To accomplish the archive’s goals, in 2013 Rhodes established the Neighborhood History Program in partnership with local organizations First Works of Memphis, the Corners of Highland Heights Shalom Zone, the South Memphis Shalom Zone, KnowledgeQuest, and the Center for Transforming Communities. The program, which invites long-time residents of the Highland Heights and South Memphis areas to share their stories, is an example of how Rhodes and the community can team up to make a difference.
The Neighborhood History Program, under the direction of Suzanne Bonefas, director of special projects, puts Rhodes students, local high-school students, and an older generation of Memphians into direct dialog with one another. Rhodes serves as a kind of literal “common ground,” where the high-school interns are mentored and trained and where the interviews are held. These interviews include questions both broad and specific, from the Civil Rights movement of the 1960s to general aspects of the interviewees’ work and home lives. The Crossroads to Freedom video archive, which houses the interviews, can be found here.

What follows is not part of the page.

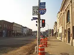 Across the county line, NY 36 enters the town of North Dansville and the village of Dansville located within. At the southern village line, NY 36 meets the southbound entrance and exit ramps for I-390 at exit 4 and gains the name Clara Barton Street. Due to the angle at which I-390 crosses NY 36 here, the northbound entrance and exit ramps are located another 0.5 miles (0.8 km) to the north. The route follows Clara Barton Street north into the village center, where it gradually curves northeastward ahead of a junction with Main Street (NY 63) in Dansville's business district. NY 36 turns northwest here, following NY 63 along Main Street for two blocks before returning west on Ossian Street. The highway turns again just six blocks later to follow Dock and Franklin streets northwest toward Dansville Municipal Airport. Ossian Street, meanwhile, continues west as NY 436, which passes under I-390 a short distance to the west.[5]

Gabby Gafford ‘18, a fellow with Crossroads to Freedom, works closely with the high-school interns, who are selected from the neighborhoods they document. The interns are in charge of filming, conducting, and then archiving the interviews. “We guide them, teach them how to set up, how to build rapport, how to maintain the relationships they make with the interviewees, and how to turn the oral interviews into digitally archived pieces,” Gafford explains. “I think the overall goal of the program is to connect the kids to their communities to enrich them; let them know that their communities are important.”
The Neighborhood History Program is set up to be a long-lasting and powerful resource for Memphis history. Promoting inter-generational, inter-racial, and inter-class dialog, the program makes available first-hand accounts from people who have seen and lived through historical events. These include black Memphians who marched for freedom in the 1960s, white Memphians who lived in interracial neighborhoods before and shortly after desegregation, and others from various viewpoints and backgrounds, both young and old.
“The community provides the oral histories, and the opportunities to show these kids how these communities were and how they can be,” Gafford concludes. “I love Crossroads to Freedom. It’s a great program that has enriched my life and the lives of the kids involved.”